Currents in the Chlorine
The hotel pool was empty at 2 AM, which was exactly why Maya chose it. She sat on the edge, legs submerged in water that felt too warm, too artificial. The affair had ended four hours ago in Room 312, but Richard's words still echoed: *My wife can never know.*
Maya wasn't swimming anymore—hadn't really been swimming for months, not since she started drowning in someone else's marriage. She'd learned to tread water in silence, to hold her breath until her lungs burned.
Lightning split the sky beyond the glass atrium, illuminating the blue water in jagged flashes. She counted the seconds until thunder rattled the windows: one, two, three. The storm outside finally matched the one inside her chest.
Her phone buzzed on the pool chair. Richard. Again.
She thought of Buster, her sister's cat, who had scratched her last weekend. The animal had sensed something rotting beneath her skin—disloyalty dressed up as love.
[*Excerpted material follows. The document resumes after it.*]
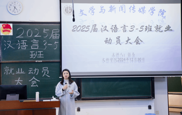 为深入贯彻落实习近平总书记来校视察重要指示精神,落实党中央关于高校毕业生就业工作的决策部署,积极推动2025届毕业生实现高质量就业,12月30日,文学与新闻传媒学院在硕勋楼B102、A203、A102教室同步举行了2025届毕业生就业动员大会。文新学院党委书记、院长高正伟,党委副书记、副院长张易,学工办主任罗立,毕业班班主任和毕业班同学参加了会议。

Cats knew. Cats always knew.
Maya remembered how it started: at the company baseball game, when Richard—her boss—stood too close behind her while waiting for batting practice. His hand brushed her waist. She should have moved away. She didn't. The crack of the bat, the smell of beer and cut grass, the way he'd looked at her like she was the only thing worth catching.
Now she understood: she wasn't the protagonist. She was the benchwarmer in someone else's game.
Another flash of lightning. The pool's surface turned silver-white, like a mirror showing her exactly who she'd become.
Maya stood up, water dripping from her legs onto the concrete. She left her phone on the chair, Richard's fifth unanswered call lighting up the screen. She walked out of the pool area, out of the hotel, into the rain-slicked parking lot where her car waited.
The storm had broken. The air felt electric, charged with possibility.
She would drive home. She would feed Buster. She would stop treading water and finally learn to breathe again.